В массовом сознании крымчан до сих пор считается, что больной ребенок – это ребенок с насморком, а тяжелобольной ребенок – это ребенок с воспалением легких. Про паллиативную помощь здесь мало кто слышал. Что такое ДЦП V уровня с эпилепсией, как это – нет, не лечить, – сопровождать, до недавнего времени и врачи не представляли. Паллиативные дети оставались невидимками.
Крым, где нет моря
«Добромобиль» – автобус Крымской выездной социально-психологической службы – едет по одному из восьми своих маршрутов, везет именные коробки в семьи подопечных – паллиативных и тяжелобольных детей. Мы на самом севере Крыма, еще немного и будет Джанкой. В эти места, далекие от моря, туристы не заглядывают. Время от времени встречаются следы хозяйствования разных лет – циклопические советского времени элеваторы и скелеты теплиц.
Кое-где на месте бывших полей появились промышленные сады – молодые яблоньки-колонны в них подвязаны на опоры, как лоза. Но сады совсем молодые – только посадили.
Села связаны между собой кочковатыми с коварной наледью дорогами. На дорогах асфальт, но общественный транспорт в этих местах не ходит. Поэтому села – как острова, работу можно найти в своем селе, максимум – в соседнем, дальше пешком не доберешься.
В селах – сплошь крохотные, в две комнаты, типовые домики из местного ракушечника. По одной версии, раньше такие строили трудящимся местные колхозы – видимо, считалось, что в Крыму, где зима всего полтора месяца, просторное жилье под крышей не нужно. Опять же на большой дом нужно много дров, а лишние дрова – это лишние расходы.
Проезжаем поле, на котором из-под снега торчат стебли сухой полыни, – в прошлом году, а то и дольше, его не пахали.
«Раньше так не было», – не выдерживает молчавший почти всю дорогу фотограф Максим из Симферополя.

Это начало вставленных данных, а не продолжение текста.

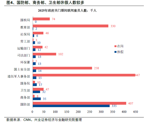 哪些机构和业务受到影响?非必要职能的雇员无薪休假,且部分政府功能受到制约,包括非农就业等经济数据公布暂停(劳工统计局已确认暂停所有业务)、小企业贷款受限、社保卡开户停止等。不受影响的业务包括:移民执法活动将继续进行,社会保障金、医疗保险(Medicare)和医疗补助(Medicaid)将正常发放但可能有延迟、传染病防控工作继续但研究类工作暂停。据CBO估计,约75万名联邦雇员可能会在关门期间休假,受影响的薪水总额约4亿美元/日。

«Инфраструктура меняется, – объясняет с переднего сидения отец Дионисий Волков, организатор хосписной службы. – Крым вошел в Россию, а рядом – Краснодарский край, налаженное производство продуктов, низкие цены. А тут еще Украина перекрыла Северо-Крымский канал. Теперь, пока местные хозяйства не придумают, как быть, люди будут без работы».
Лемара и дочери
Крымские татары Асан и Лемара вместе с родителями мужа и тремя дочерьми живут в ракушечном домике в одном из местных сел. Дом родительский, а свой, просторный, супруги начали строить на соседней улице, но сейчас стройка остановлена.
Из троих детей здорова только средняя, у старшей – девятилетней Анифе – и у младшей – полуторагодовалой Динары – тяжелейший ДЦП и эпилепсия.

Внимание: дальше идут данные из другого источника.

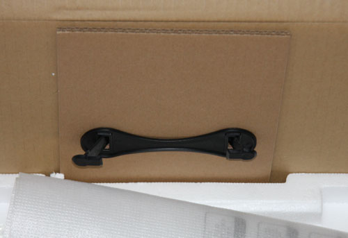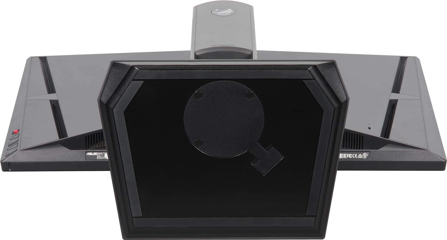Кабели, идущие от разъемов монитора, можно пропустить сквозь вырез в нижней части стойки. При необходимости подставку можно отсоединить и закрепить блок экрана на VESA-совместимом кронштейне (площадка 100 на 100 мм). Упомянем еще два элемента, имеющие скорее декоративный характер — это логотипы на стойке сзади и на основании сверху, подтверждающие принадлежность к клубу «Republic of Gamers», при этом второй логотип подсвечивается красным. Кроме того, также красным подсвечивается и кольцо вокруг стойки на основании подставки. Продается монитор в большой красочно оформленной коробке с пластиковой ручкой сверху, что удобно при транспортировке одним человеком. Нам она досталась в потрепанном виде, но не показать ее мы не можем.

«Вы только не думайте, что я несознательная, – говорит Лемара. – Когда родился старший ребенок-инвалид, я три раза сдавала анализы на генетику. Мне сказали: „Мамочка, не беспокойтесь, у вас не наследственность, у вас – родовая травма«».
Но когда младшая, Динара, совсем как старшая сестра, на третий день после родов впала в кому, врачи забеспокоились, послали на дополнительные анализы. У Динары нашли глициновую энцефалопатию – наследственную генетическую патологию, при которой в организме не расщепляется глицин. Именно эта поломка обмена веществ и вызывает все остальные проблемы девочки.

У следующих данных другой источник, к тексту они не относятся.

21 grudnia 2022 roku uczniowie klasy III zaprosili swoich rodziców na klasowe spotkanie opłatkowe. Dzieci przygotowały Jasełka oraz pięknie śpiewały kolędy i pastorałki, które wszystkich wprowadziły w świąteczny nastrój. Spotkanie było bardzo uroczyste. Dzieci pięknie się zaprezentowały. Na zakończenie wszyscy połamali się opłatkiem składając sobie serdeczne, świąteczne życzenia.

Пока Анифе в семье была одна, семья справлялась. Но когда родился второй ребенок с инвалидностью, все изменилось.
«Родители мои постарели, – рассказывает Асан. – У отца только одно легкое, у матери больные суставы, им самим помощь нужна, а тут – девочки, но хуже всего наша аптека.
Анифе врачи выписали фенозепам, я пришел туда с рецептом, а мне говорят: „Это наркотик, зачем вам такие лекарства?« Ну и что, что наркотик, если ребенку его выписали. Еле выбил у них упаковку; чтобы получить три упаковки, которые нужны на месяц, пять дней ходил. Жена так ходить не сможет – там кричать пришлось».
Работы в селе, где живет семья Асана, нет. Раньше Асан работал на рынке в Ялте, но каждый день в Ялту не поездишь – слишком много уйдет бензина. А надолго оставить такую семью невозможно. С января Асан не работает, большой самостоятельный мужчина совершенно растерян.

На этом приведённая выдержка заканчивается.